Farmer’s pullback in Florida comes at a curious time---just before insurance reform bills passed by the state Legislature can have much of an impact on the flood of costly claims litigation. Industry insiders said July 11 that Farmers expanded its presence in Florida at exactly the wrong time, just before Hurricane Ian hit the state but before the tort-reform laws have an effect.
In its June announcement that it would halt new HO policies, Farmers said in a statement: “With catastrophe costs at historically high levels and reconstruction costs continuing to climb, we implemented a pause on writing new homeowners policies to more effectively manage our risk exposure.”
Yaworsky’s letter reminded Farmers that Florida’s historic reforms should ensure competitiveness.
Farmers’ insureds must be given 120 days’ notice before policies are canceled or non-renewed, according to state law.

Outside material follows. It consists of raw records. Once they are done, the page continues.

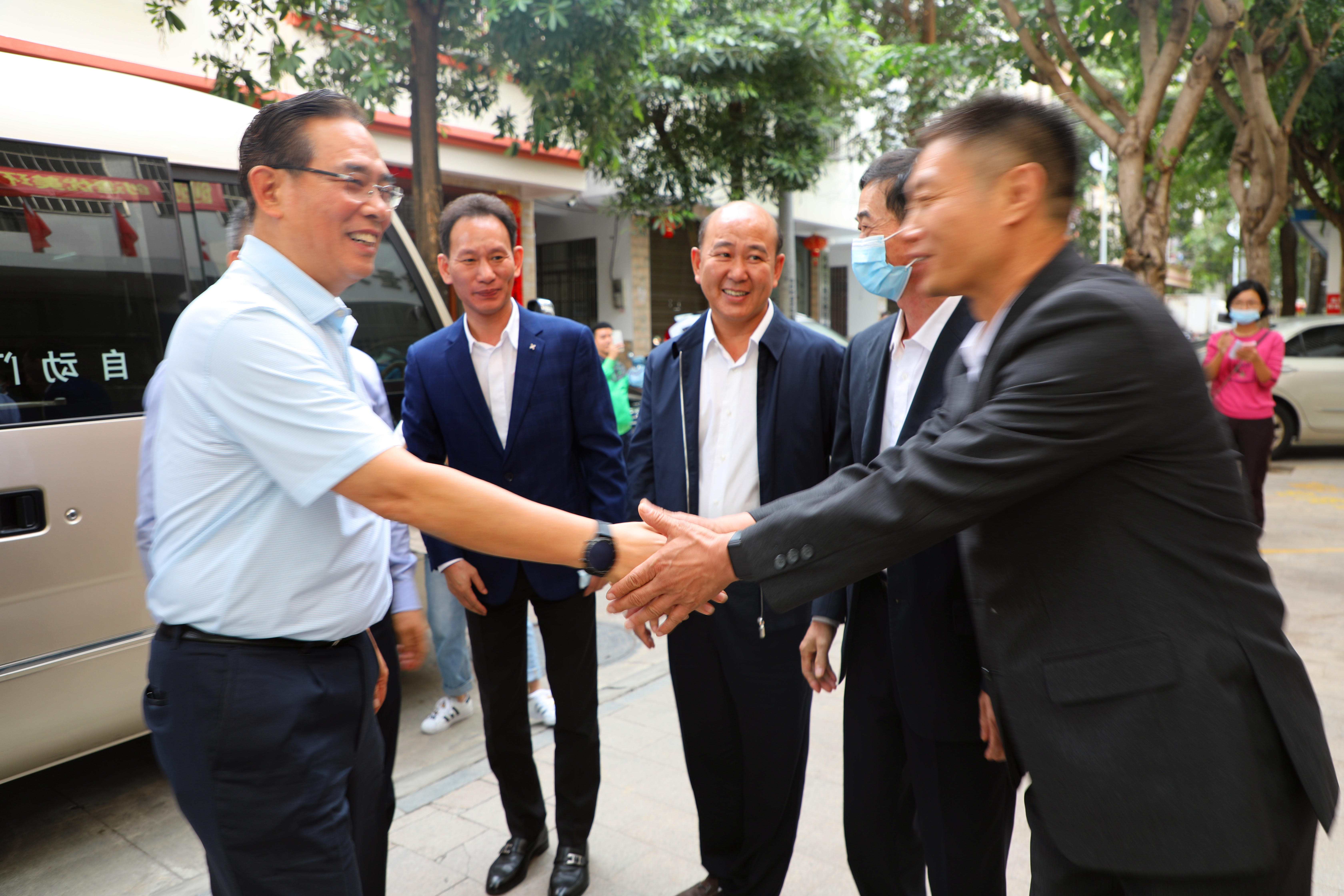 董事長(zhǎng)陳明、總裁陳云及工會(huì)主席高斐斐在集團(tuán)門前迎接蔡副主席的到來(lái)。
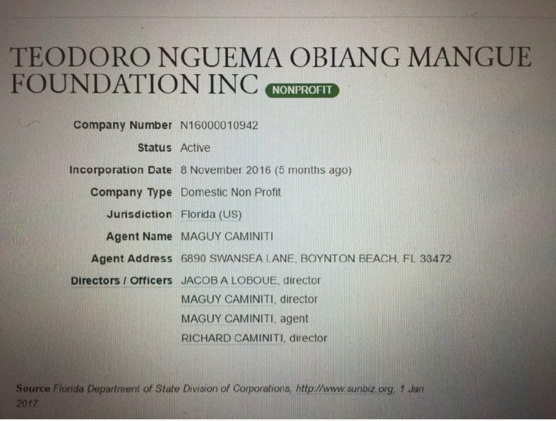 Cette Fondation "fantôme" a été créée de toutes pièces pour récupérer cet argent qui doit revenir au pays est dirigée par son responsable de la communication internationale JACOB LOBOUÉ qu'on a pu voir pendant longtemps à ses côtés organiser les distributions de jouets pour les enfants pour faire oublier les jouets d'adultes que TEODORIN s'offrait et qu'il a nommé à son insu directeur de la Fondation aux États-Unis
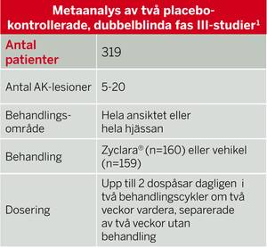 Zyclara® kräm 3,75% (imikvimod). Rx, F. ATC-kod: D06BB10. Indikation: Topikal behandling av kliniskt representativa, icke-hyperkeratotiska, ickehypertrofiska, synliga eller palperbara aktiniska keratoser i ansiktet eller på skalpen hos immunkompetenta vuxna när andra lokala behandlingsalternativ är kontraindicerade eller mindre lämpliga. Varningar och försiktighet: Imikvimod har immunstimulerande egenskaper. Ska användas med försiktighet till immunsupprimerade patienter. Kan ge lokala hudreaktioner och influensaliknande symtom. Bör inte appliceras på icke-läkt hud. Kontakt med ögon, läppar eller näsborrar ska undvikas. Patienter ska uppmanas att vidta lämpliga solskyddsåtgärder och minimera eller undvika exponering UV-strålning. Behandling under graviditet och amning endast om den potentiella fördelen berättigar den potentiella risken för fostret eller barnet. Produktresumé senast uppdaterad: 2025-07. För ytterligare information se www.fass.se. Viatris AB Tel: 08-630 19 00
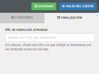 - En el apartado de finalización podrás añadir una URL para redirigir al usuario una vez finalice el proceso de baja.
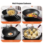 Non-stick & Easy Cleaning: The woks and stir fry pans nonstick with a lid to adopt stone coating and carbon steel which are free of PTEE and PFOA, allow you to cook with LESS oil or butter. Less lampblack, more healthy. Cleans up easily, dishwasher safe (hand wash is recommended). Don't need seasoning before use. Rough Rust-resistant & Prevention coating fall off: This coating uses hardening and anti-scratch technology to prevent scratching, staining, and falling off, enhances both durability and cooking performance which will not get rusty. Versatility: The non sticking frying pan set is everything you need to prepare delicious stir-fry, steaming, roasting, boiling, baking meals, and more. The non stick stone wok with the cover set can be used as a deep fry pan, saute pan, deep skillet, frying wok, stir fry wok, stir fry pan, baking dish, egging frying pan, roasting pan, rice cooker, steamer, and deep stockpot. The wok is suitable for a family of 5-6 people with a large capacity, not afraid of splashing oil. Heats quickly and evenly & Suitable for most stoves: The flat bottom conducts heat quickly and evenly with precise temperature control. The 2 mm-thick body makes this wok pan durable and anti-warping. Suitable for all occasions, with stoves, induction cooker, gas ranges, and other heat sources. Package: The pots and pans set nonstick includes a 12.5-inch nonstick frying pan with a lid and a roasting steaming rack. The wooden handle is in line with the human body, engineered solid wood anti-scalding design keeps a cool feel when cooking at high temperature.

“If a consumer receives a nonrenewal notice from Farmers Insurance Group, they are encouraged to contact their agent immediately to seek alternate coverage,” OIR Communications Director Samantha Bequer said July 11.
In late June, Farmers filed for rate changes for its auto policies in Florida, suggesting the company plans to continue at least some presence in the state.
State Sen. Jason Pizzo, D-Miami, tweeted July 11, appearing to suggest Republican leadership in state government could have done more to prevent a continuing property insurance crisis in the state.
“While campaigning on woke, Florida’s leadership has been asleep,” Pizzo wrote.